Oliver nodded at this, eagerly. His memories were fast returning and he knew that Arkham had not been good to him. Even now he felt as the weariness that he had struggled against since waking up was reaching up to claim him, that Arkham was still trying to hold on to him even as he was leaving. His breath had become fast and weak and there was a slight dampness on his skin where his clothes rested.
It did not change as Waller took over his chair from Archie and the trio walked out through the doors into the sea thick air, and neither did it change when they placed him, chair and all, into a parked white van with government markings. None of the three spoke as Oliver and all of his equipment was strapped into the van. Waller asked him if he felt comfortable. He said he was. Waller exited the car after saying she had to deliver some paperwork. Archie finished the last of the straps and was about to leave when he turned back and spoke to Oliver with one hand resting lightly on Oliver's shoulder.
Just remember that Arkham never really leaves you.
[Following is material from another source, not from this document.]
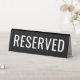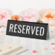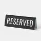 Black tabletop tent sign with white, customizable text "reserved" in big, bold letters.

Archie gave his shoulder a small squeeze before hopping out of the van and closing the door. The van rumbled to life and soon they were pulling away. As they moved down the driveway, Oliver twisted as best he could in his chair and looked back at the black outline of Arkham against the lighter twilight of Gotham. And as they turned the last bend, the lights of Arkham flickered on in the early morning haze, one by one, corpse lights that illuminated nothing but themselves. They grew brighter and brighter until he all he saw was their yellow-white glare. He screamed and he screamed and he screamed because he knew that Arkham wasn't going to leave him. It was going to snatch him up again and never let him go because you could never really leave Arkham.
………….
The asylum orderly looked down at the twitching body of one Professor Oliver Milo, one-time freelance researcher and criminal and now permanent decoration at Arkham Asylum, home to the criminally insane. After scribbling a few more notes about the patient's vital signs, the staff member reached over and methodically depressed a row of switches that controlled Milo's life support. A few seconds passed as the heart monitor's rhythmic beat grew more and more erratic before flat-lining. The orderly sighed and shook his head as he walked away as the disposal team came up. He'd had such hopes that the professor would recover from his catatonic state. The criminal genius had come from the county hospital nearly fully recovered, his brains showing increasing mental activity. He'd arrived at Arkham because they could better monitor and care for the invalid. There'd been continued improvement, but the professor had never awakened, only making random movements that those in his state were wont to do. Eventually the order had come down that state funding had been cut again and someone had to go. Law abiding citizens took the natural priority.
"Such a waste; thought he had every chance of recovering."